谭彦手指微动,牢房里响起淅淅索索的声音,有什么黑黑小小密密麻麻的东西爬向了阴影中的贾乐善。
谭彦高大的身影笼住念念,挡住了背后的动静。他去拉念念的手,念念下意识抽手躲了一下。谭彦向前一探,捉住了她的手,拉着她往外走。
念念已经尽量跨大步子了,但还是跟不上他的速度,有一种被拖着往前走的感觉。她心底一种恐慌油然而生,她叫道:“你慢点!”
谭彦不说话继续闷头往前走。
卡住的手腕被拽得通红,皮肤磨得又热又痛,她另一只手去掰谭彦的手指头却一点也掰不动。这点痛按理来说不难忍受,但此时她的害怕远远放大了这份疼痛。
她抽着气喊:“好痛,你松开,你弄疼我了!”
谭彦终于松开了手,回身俯视着她:“她又和你说了什么?”
念念感受到了极大的压迫感,结巴了一下:“什么也没,她没说。”
见谭彦没有回应,她抬眼看着他的眼眸,又补充了一句:“真的。她说她就是在骗我。”
谭彦阴沉的眼眸瞬间又变得柔情似水起来,他抬手揉了揉念念的头发:“我相信你不会骗我。”
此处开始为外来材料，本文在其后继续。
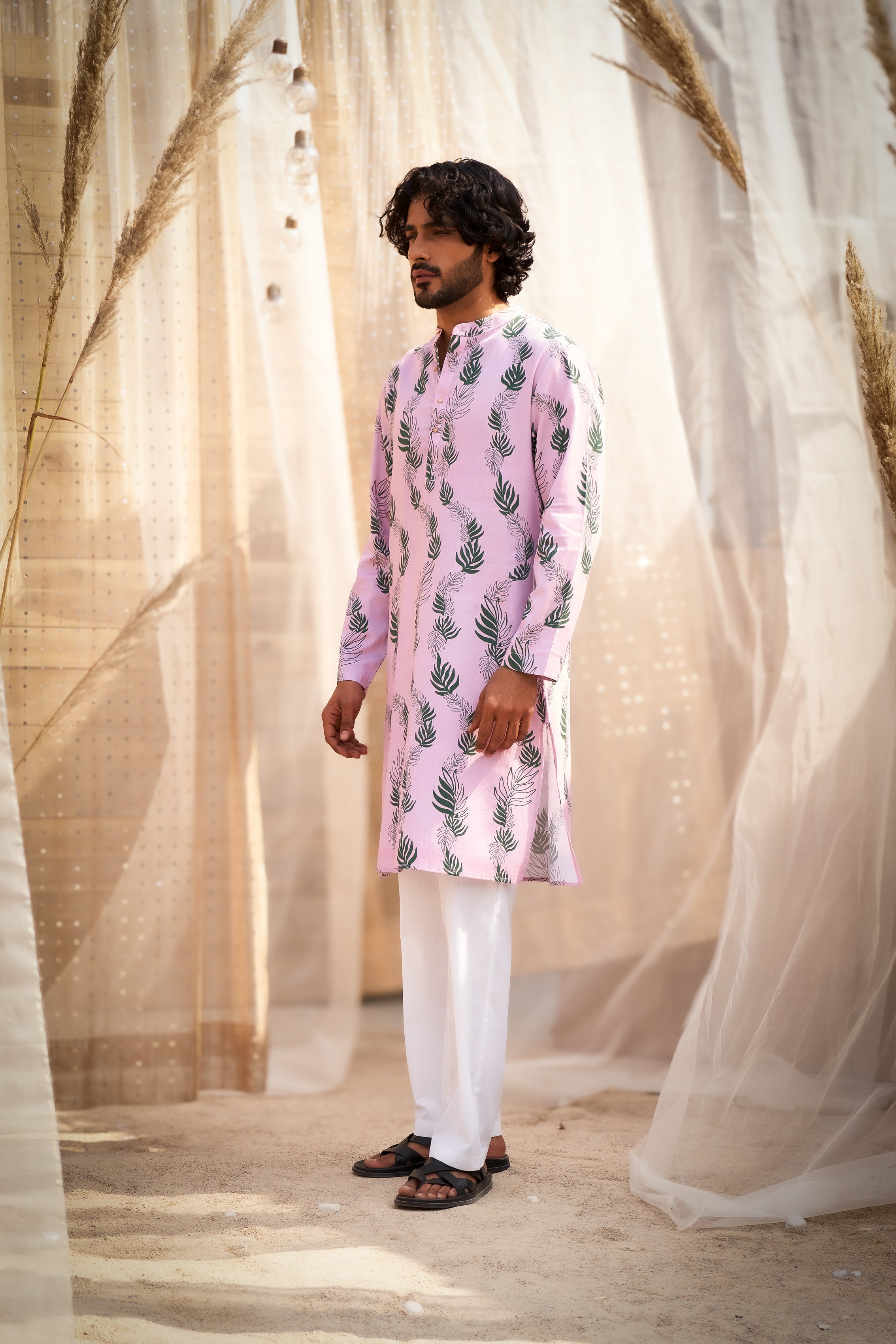 Make a striking statement with this kurta set featuring a charming leaf print. The kurta combines modern aesthetics with traditional elegance, while the straight pants add unmatched comfort and ease.

紧接着他又叹息一声:“可是你为什么不听我的话呢?就仗着我不会打你,不会惩罚你吗?那样你下次还是会犯错的。”
之后谭彦不言不语跟着念念往寝宫走,念念刚跨进房间,身后的房门就突然自己关上了。念念心觉不好,回身推门,门没有上锁,可就是推不开。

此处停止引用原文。